The digits form three 3-digit numbers reading left-to-right, and three 3-digit numbers reading top-to-bottom. Also consider these six 3-digit numbers reversed, that is, reading right-to-left and bottom-to-top.

For each of those nine digits, d, you count how many of the twelve 3-digit numbers are divisible by the number d. In the case of each d, that number, the count, is itself divisible by d.

How are the numbers arranged, with the understanding that rotations and reflections of that arrangement are possible alternatives?

Im not all the way there yet, but I'm close..
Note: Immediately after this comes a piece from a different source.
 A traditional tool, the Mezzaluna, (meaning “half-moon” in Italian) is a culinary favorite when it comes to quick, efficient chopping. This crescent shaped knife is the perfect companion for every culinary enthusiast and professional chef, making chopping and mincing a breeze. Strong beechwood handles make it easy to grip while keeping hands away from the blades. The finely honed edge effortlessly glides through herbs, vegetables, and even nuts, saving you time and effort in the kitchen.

The divisibility condition for 5 and 2 depend only on the last digit of the 3 digit numbers (=3dns). Therefore, the number of occurences of numbers divisible by 2 (5) is the number of occurences of an even number (multiple of 5) at an edge midpoint (=emp) plus twice the number of occurences at a corner. It follows that {5} must be located at the centre and that there are an even number of emps occupied by evens.

The divisibility condition for 9 depends on the sum of the digits of the 3dns and, as such, is independent of the arrangement of digits (!) The number of 3dns divisible by 9 is divisible by 9 if 4 times the sum of the digits 1..9 is divisible by 9. This condition is met (which also implies the the condition for 3 is met as well), so we are still in the game.
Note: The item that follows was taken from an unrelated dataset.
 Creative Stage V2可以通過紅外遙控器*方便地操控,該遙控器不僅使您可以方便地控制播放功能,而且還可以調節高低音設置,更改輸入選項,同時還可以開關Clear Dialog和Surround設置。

Let’s take a closer look at the evens. If we locate all the evens at the emps, there will be exactly 1 3dns divisible by 8. Namely, the 3dn ending in 56 No good. If we locate all the evens in the corners, then we have exactly 2 3dns divisible by 8, namely those ending in 6. Again, no good. So we are left splitting the evens between corners and emps, and have to take care to place 6 in a corner diagonally opposite one of {48} so as to avoid the 3dn 256 (divisible by by 8!). This also assures six 3dns divisible by 6, as there will be exactly six even 3dns.

We are left to consider arrangement that produce either seven 3dns divisible by 7, or none. This choice is decisive for deciding which even to put in the corner opposite {6}, as 658 is a multiple of 7.

Finding an arrangement that gives exactly sevens multiples of 7 sounds like a tall order, as this would uniquely constrains a lot of locations. Let’s try:

XX8

X5X

6XX

of the emp combinations (A5B), 952 is uniquely prodcutive, as it gives multiples of 7 in both directions. The only possibility to get a multiple of 7 ending or beginning with {4} is 154. This leaves {37} to fill the empty corners, in the best case producing two further multiples of 7. This leads to

798

154

623

which comes close with six multiples of 7, but still has to be rejected.

It seems is easier to avoid multiples of 7. For instance,

391

752

684

does the trick. Or, proceeding more systematically, we start with

ab4

c5d

6ef

2a + b <> 3,10,17,24

a + b <> 6,13

2a+c <> 8,15,22

a+c <> 9,16

2c+d <> 6,13,20

c+2d <> 6,13,20

e+f <> 9,16

e+2f <> 8,15,22

2b+e <> 6,13,20

b+2e <> 6,13,20

d+f <> 6,13

d+2f <> 10,17,24

this leads to a set of possibilities. Maybe if i have energy and interest in the next days i will post it.